= Todd P. Kennett =

Todd Kennett (born July 12, 1969, in Middlebury, Connecticut) is a coach of the Division I Collegiate heavyweight rowing program at Cornell University. In 2006 and 2008, his lightweight varsity boat program captured both the Eastern Sprints Regatta and the Intercollegiate Rowing Association Championships ("IRA").

==Early life==
Todd Kennett was born in 1969 in Middlebury, Connecticut.

In 1987, at age 18, he entered as a freshman at Cornell University. A 1991 graduate of the Cornell University College of Agriculture and Life Sciences, Kennett received his bachelor of science degree in animal sciences. In his time at Cornell, Kennett was a member of the Heavyweight crew. He competed in the first freshman eight his first year and went on to row in the varsity eight for three consecutive seasons, including the 1991 campaign in which the varsity finished third at the IRA regatta and competed at the Henley Royal Regatta. He received the Butler Award for outstanding leadership and athletic performance as a senior. In his junior and senior years at Cornell, Kennett rowed in the U.S. Rowing Olympic Development and Pre-Elite camps. He also competed in the 1989 and 1990 Olympic Festivals, winning a bronze and gold, respectively.

==Coaching career==

After Graduating from Cornell in June 1991, Kennett served as coach of the Ithaca College women's novice rowing program from 1992 to 1993. He led the squad to a 22–2 record, two New York State Small School titles and two Murphy Cups. His Bomber crews also earned silver and bronze medals at the Dad Vail Regatta.
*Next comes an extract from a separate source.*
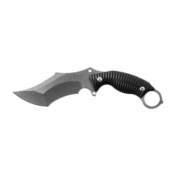 Ruike P181-B to nóż taktyczny typu karambit, wyposażony w stałą głownię ze stali nierdzewnej 14C28N, rękojeść z laminatu G10, charakterystyczny stalowy pierścień oraz polimerową pochewkę z klipsem 360°.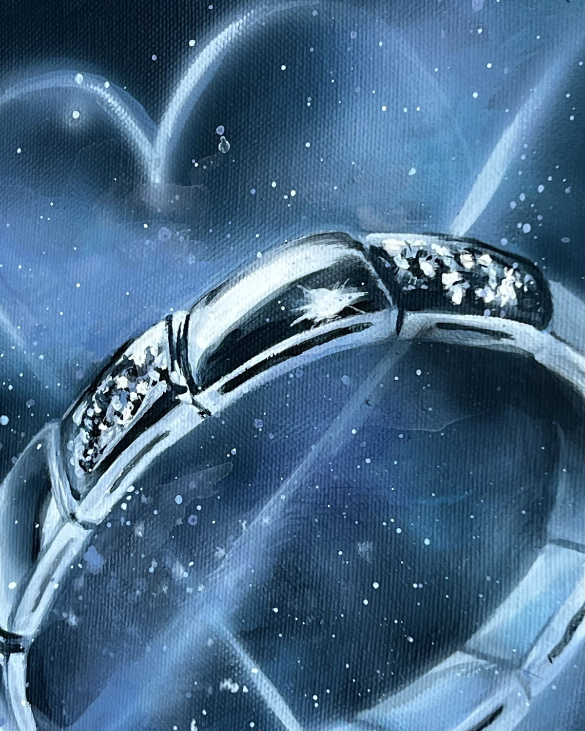 최근에 남자친구에게 프로포즈 반지를 받았습니다. 반지는 사랑의 징표이자 영원함의 상징입니다. 사랑은 단순히 변치 않는 견고함만이 아니라, 그 견고함 속에서도 다채롭게 변화하는 것이라고 생각합니다. 사랑의 영속성과 동시에 변화무쌍함, 그리고 과거와 현재와 미래를 함께하는 아련함과 기대감을 반지라는 물건을 통해 그림으로 표현해 주시면 좋겠습니다.

In 1994, Kennett was hired by Cornell University as freshman lightweight crew coach. In his second year of coaching lightweights, Kennett led the freshman to a silver medal finish at the eastern sprints on June 17, 1995. His first freshman eight earned bronze at the 1998 Eastern Sprints, with the second freshman boat taking silver. Cornell's second freshman eight was undefeated during both the 1996 and 1997 regular seasons. Under Kennett, the four-with-coxswain heavyweights finished third at the IRA Championship Regatta in 1994.

Kennett was named the Robert B. Tallman Class of 1941 Men's Lightweight Rowing Head Coach in 1998. In 2001, all three of his crews made it to the grand final of the Eastern Sprints Regatta. In 2001, his varsity pair earned a silver medal at the IRA Championship Regatta. In 2004, 2005, and 2008 his pair won gold at the IRA Championship Regatta.
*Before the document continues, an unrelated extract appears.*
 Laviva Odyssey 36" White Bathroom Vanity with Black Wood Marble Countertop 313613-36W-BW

In 2005, Kennett's varsity boat won a bronze at the Eastern Sprints followed with a Silver at the IRA Regatta. Both his first and second varsity boats captured Gold at the 2006 Eastern Sprints regatta. His varsity followed up its Eastern Sprints victory with a narrow win over Harvard at the IRAs to win the National Championship. In 2007, Kennett again led the lightweights to a win at the IRA. In 2008, Kennett's varsity lightweight crew won the Eastern Sprints title, the Jope Cup for lightweight supremacy, and the IRA title for a record third straight year.

In 2005, 2006, 2007, and 2008 the varsity boat went to the Henley Royal Regatta and raced in the Temple Challenge Cup, placing second in 2006 and 2007 to Oxford Brookes University and the University of California-Berkeley freshmen.

In June 2007, Kennett was promoted to the "Spirit of '57 Director of Rowing/Head Coach of Heavyweight Rowing" at Cornell University.

In 2010, Kennett was named the 2009-10 Eastern Association of Rowing College's (EARC) Coach of the Year, as voted on by the leagues’ coaches.